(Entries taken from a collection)

* * * * * * * * *

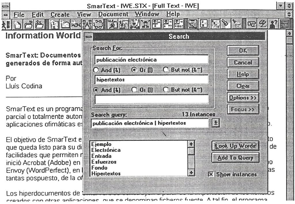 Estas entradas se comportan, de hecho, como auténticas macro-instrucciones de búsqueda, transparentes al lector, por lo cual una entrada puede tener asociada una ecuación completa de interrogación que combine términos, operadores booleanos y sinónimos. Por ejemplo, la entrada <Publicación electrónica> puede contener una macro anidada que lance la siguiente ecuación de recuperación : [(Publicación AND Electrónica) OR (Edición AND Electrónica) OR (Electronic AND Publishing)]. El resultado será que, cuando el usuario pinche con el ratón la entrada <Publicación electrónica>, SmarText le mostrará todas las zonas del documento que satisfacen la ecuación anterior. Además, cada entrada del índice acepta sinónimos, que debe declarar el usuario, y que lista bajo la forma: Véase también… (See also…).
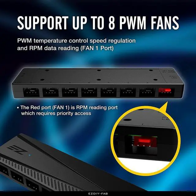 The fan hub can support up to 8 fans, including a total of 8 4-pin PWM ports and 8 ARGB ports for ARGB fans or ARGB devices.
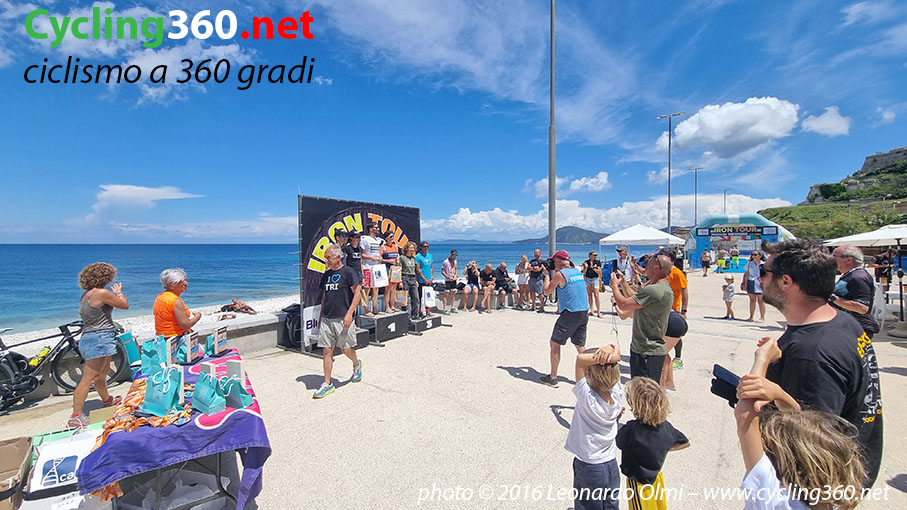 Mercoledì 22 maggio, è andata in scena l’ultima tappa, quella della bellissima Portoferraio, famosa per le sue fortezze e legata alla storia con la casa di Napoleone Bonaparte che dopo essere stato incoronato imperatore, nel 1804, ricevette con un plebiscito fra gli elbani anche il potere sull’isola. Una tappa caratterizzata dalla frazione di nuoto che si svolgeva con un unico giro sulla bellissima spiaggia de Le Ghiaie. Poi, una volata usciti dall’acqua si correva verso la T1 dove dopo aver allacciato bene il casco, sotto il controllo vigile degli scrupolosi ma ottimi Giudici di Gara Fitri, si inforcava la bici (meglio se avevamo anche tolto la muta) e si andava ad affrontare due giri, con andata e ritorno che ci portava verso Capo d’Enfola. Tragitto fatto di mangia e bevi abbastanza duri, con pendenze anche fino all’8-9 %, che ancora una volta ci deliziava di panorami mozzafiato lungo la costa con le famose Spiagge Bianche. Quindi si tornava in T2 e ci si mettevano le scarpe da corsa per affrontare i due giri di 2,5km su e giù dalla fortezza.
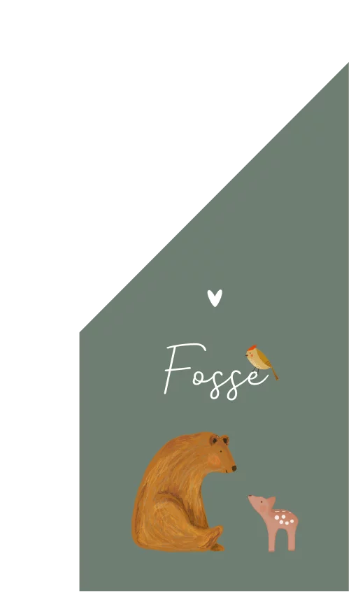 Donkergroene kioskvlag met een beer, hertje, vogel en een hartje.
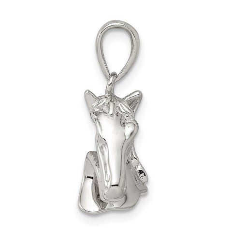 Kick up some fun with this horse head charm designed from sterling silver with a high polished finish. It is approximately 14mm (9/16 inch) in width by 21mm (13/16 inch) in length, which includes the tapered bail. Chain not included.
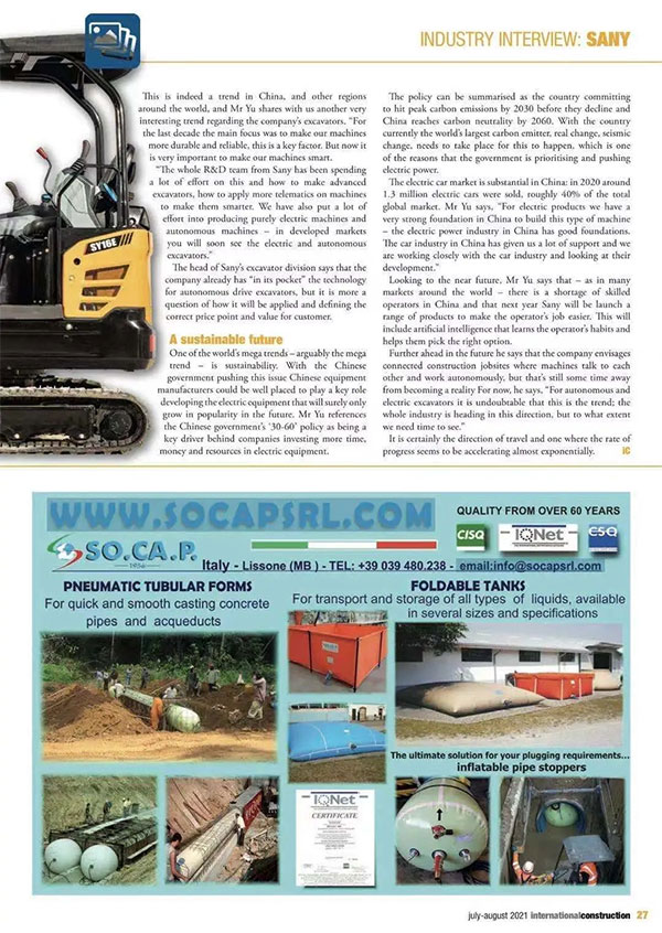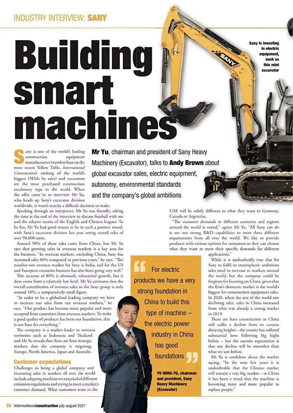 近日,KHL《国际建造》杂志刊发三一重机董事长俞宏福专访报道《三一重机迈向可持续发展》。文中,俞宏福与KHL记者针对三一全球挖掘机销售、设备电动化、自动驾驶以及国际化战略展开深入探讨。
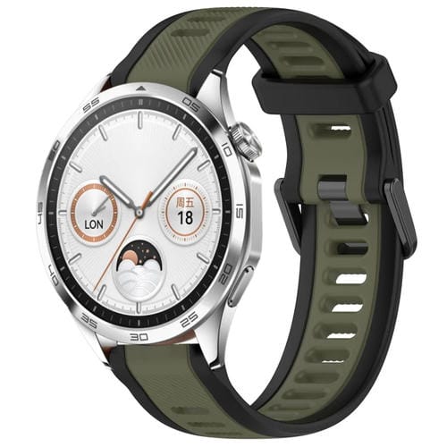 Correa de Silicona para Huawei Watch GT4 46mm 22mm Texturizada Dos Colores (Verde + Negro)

* * * * * * * * *

§ **Action item**:
Copy the lines exactly as they appear from the opening of the entries above through the line with "The fan hub", excluding all pictures.

§ **Response area**:
 Estas entradas se comportan, de hecho, como auténticas macro-instrucciones de búsqueda, transparentes al lector, por lo cual una entrada puede tener asociada una ecuación completa de interrogación que combine términos, operadores booleanos y sinónimos. Por ejemplo, la entrada <Publicación electrónica> puede contener una macro anidada que lance la siguiente ecuación de recuperación : [(Publicación AND Electrónica) OR (Edición AND Electrónica) OR (Electronic AND Publishing)]. El resultado será que, cuando el usuario pinche con el ratón la entrada <Publicación electrónica>, SmarText le mostrará todas las zonas del documento que satisfacen la ecuación anterior. Además, cada entrada del índice acepta sinónimos, que debe declarar el usuario, y que lista bajo la forma: Véase también… (See also…).
 The fan hub can support up to 8 fans, including a total of 8 4-pin PWM ports and 8 ARGB ports for ARGB fans or ARGB devices.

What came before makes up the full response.